Note that the repo does not have to be reproducible (although you’re welcome to), but the code should be visible, you should state what you set out to do and what datasets you used (citing their sources and/or providing links to where you got them from).
Do not upload large or sensitive data to the repository - GitHub won’t handle large data.
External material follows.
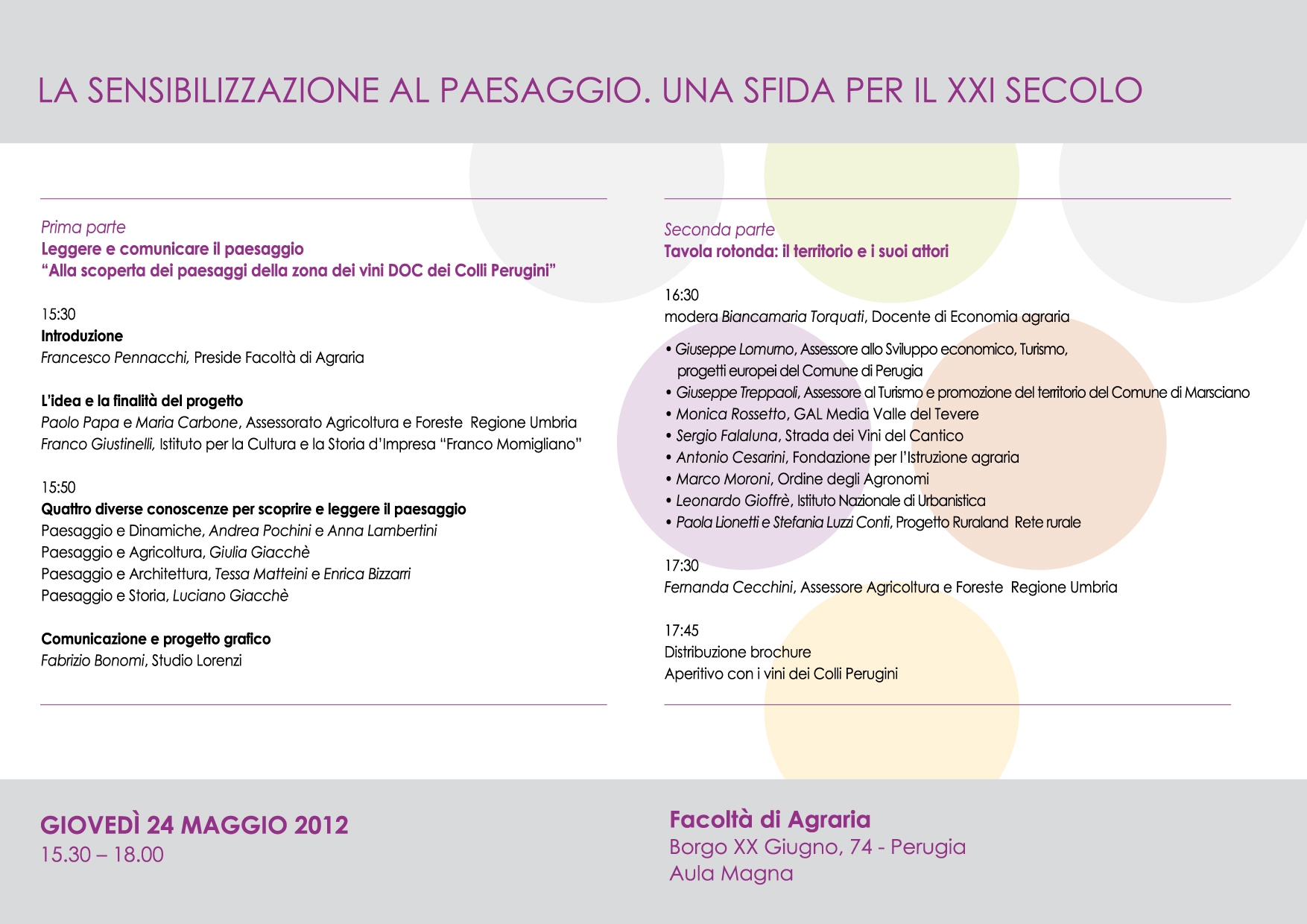 GIOVEDI' 24 MAGGIO 2012 alle ore 15,30 - si svolgerà presso l'Aula Magna della Facoltà di Agraria un seminario avente per oggetto: "La sensibilizzazione al Paesaggio. Una sfida per il XXI secolo".
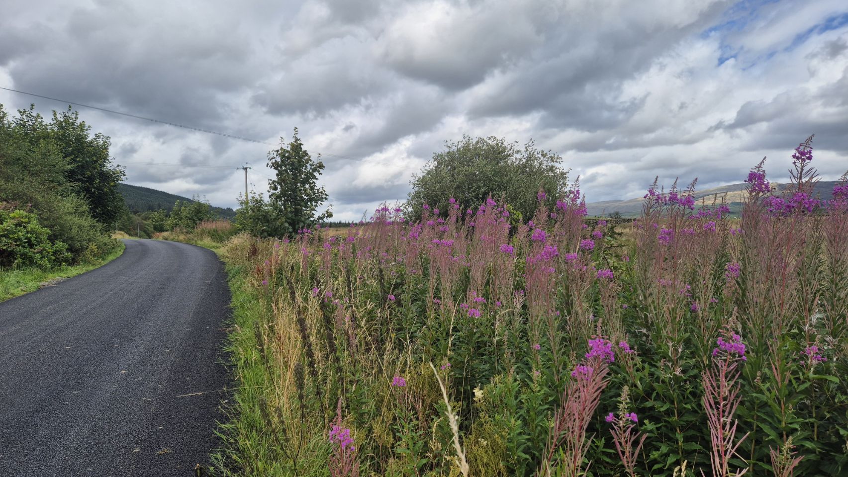 Il est 13h30, et je viens de prendre trois photos pour me souvenir de l'endroit où j'ai mangé. J'ai une petite journée devant moi, avec seulement 110 km à parcourir jusqu'à mon prochain hôtel. Je m'apprête à emprunter une petite route qui serpente dans les collines, venant de l'autre côté. La météo est bonne pour l'instant, mais elle peut changer rapidement, et je n'aimerais pas affronter une autre tempête. Le paysage est très agréable, mais je ne sais pas vraiment à quoi m'attendre pour la suite.

If you want/need to have the data in your local version of the Git repo on your laptop, then put it in a folder named data
or similar and add a line to your .gitignore
file with the name of the folder, e.g. data/*
- see example here. You can just download the example file and add it to your Git repo if you didn’t create a .gitignore when you created the repo.
The focus of the assignment is essentially setting up a GIS workflow and will be assessed on whether you’ve absorbed the content of the lectures. The topic and datasets used will be up to you, but again, this is a great opportunity to get a kick start on your Honours projects. If your Honours project doesn’t require GIS (which is unlikely) then either help a buddy or let your curiosity roam wild! This is a teaching exercise, so it doesn’t even have to be based on biological data, but it would help you to explore some of the data sources suggested below.
The project objectives, broken down as daily goals to help you pace yourselves this week:
- Day 1:
- Define a question that requires GIS, the kinds of data you’ll need to address the question, and describe in words what you think you would need to do with the data to get there.
- Find and describe the datasets you’ll need for your analysis (type, source, how created, etc).
- Day 2:
- Describe the GIS workflow you think you’ll need to perform your analysis (in words and/or a figure). Reconsider and refine your datasets.
- Day 3:
- Translate your workflow into the R functions you think you’ll need to use and begin coding and running the GIS workflow in R.
- Day 4:
- Keep working on the code.
- Develop your 1 slide lightning talk presentation.
- Day 5:
- Present your lightning talk
Lightning talks:
You’ll do lightning presentations (30% of your mark for the module) on your GIS projects (1 slide, 2 minutes presentation, 1 minute questions). Don’t worry, you won’t lose marks if your projects are not yet complete! We just want to know what you’re doing your project on, what datasets you’re using, and what you plan to do with them. Please read the instructions in the Google slide deck and add your slide.
Examples from previous years:
Some sources of local data to help you get started. Feel free to look for others! If you find good ones, let me know and I’ll add them.
- SANBI’s “Biodiversity GIS” - https://bgis.sanbi.org/
- SANBI’s Botanical Database of South Africa (BODATSA) - http://newposa.sanbi.org/
- SAEON’s Data Catalogue - http://catalogue.saeon.ac.za/
- City of Cape Town’s Open Data Portal - https://odp.capetown.gov.za/
- iNaturalist - https://www.inaturalist.org/ (accessible from R - see section 7.7)
- GBIF - https://www.gbif.org/ (accessible from R - see rgbif)
- Google Datasets Search - https://datasetsearch.research.google.com/
- The STAC Index - mostly for access to Cloud-optimized geotiffs (COGs)
Make sure to check the data use policies and make sure you have permission to use the datasets!!!